[erlang-questions] VM leaking memory

Thu Jan 31 23:14:15 CET 2019

On 01/31, Frank Muller wrote:
>After adding a new feature to my app (running non-stop for 5 years), it
>started leaking memory in staging.
>
>Obviously, I’m suspecting this new feature. Command top shows RES going
>from 410m (during startup) to 6.2g in less than 12h.
>
>For stupid security reasons, it will take me weeks to be allowed to share
>collected statistics (from recon, entop) here, but I can share them in
>private if someone is willing to help.
>

I'd recommend checking things like:

- recon_alloc:memory(usage) and see if the ratio is high or very low; 
  this can point towards memory fragmentation if the ratio is low.
- in case there is fragmentation (or something that looks like it) 
  recon_alloc:fragmentation(current) will return lists of all the 
  various allocators and types, which should help point towards which 
  type of memory is causing issues
- if usage seems high, see recon_alloc:memory(allocated_types) to see if 
  there's any allocator that's higher than others; ETS, binary, or eheap 
  will tend to point towards an ETS table, a refc binary leak, or some 
  process gathering lots of memory

Based on this it might be possible to then orient towards other avenues 
without you having to share any numbers.

Quick checks if it's binary memory is to call recon:bin_leak(10), which 
will probe all processes for their binary memory usage, run a GC on all 
of them, then run a probe again, and give you those that have the 
largest gap. This can point to processes that had the most dead memory.
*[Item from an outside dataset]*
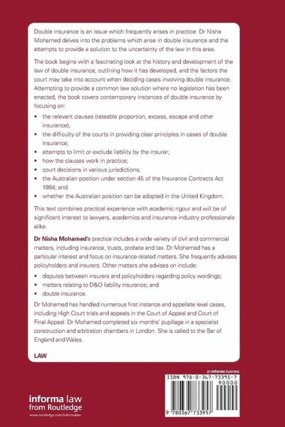 Double insurance is an issue which frequently arises in practice. Dr Nisha Mohamed delves into the problems which arise in double insurance and the attempts to provide a solution to the uncertainty of the law in this area.¿ The book begins with a fascinating look at the history and development of the law of double insurance, outlining how it has developed, and the factors the court may take into account when deciding cases involving double insurance. Attempting to provide a common law solution where no legislation has been enacted, the book covers contemporary instances of double insurance by focusing on:¿ the relevant clauses (rateable proportion, excess, escape and other insurance) the difficulty of the courts in providing clear principles in cases of double insurance attempts to limit or exclude liability by the insurer how the clauses work in practice court decisions in various jurisdictions the Australian position under section 45 of the Insurance Contracts Act 1984 whether the Australian position can be adopted in the United Kingdom This text combines practical experience with academic rigour and will be of significant interest to lawyers, academics and insurance industry professionals alike.

There's an undocumented 'binary_memory' option that recon:info, 
recon:proc_count, and recon:proc_window all support -- it's undocumented 
because it might be expensive and not always safe to run -- that you can 
use to find which processes are holding the most binary memory; after a 
call to bin_leak, this can let you know about biggest users.

You can also use proc_count with:
- message_queue_len for large mailboxes
- memory for eheap usage

You can use the same values with proc_window to see who is currently 
allocating the most.

If ETS is taking a lot of place, calling ets:i() can show a bunch of 
tables with content; you might have a runaway cache table or something 
like that.

Regards,
Fred.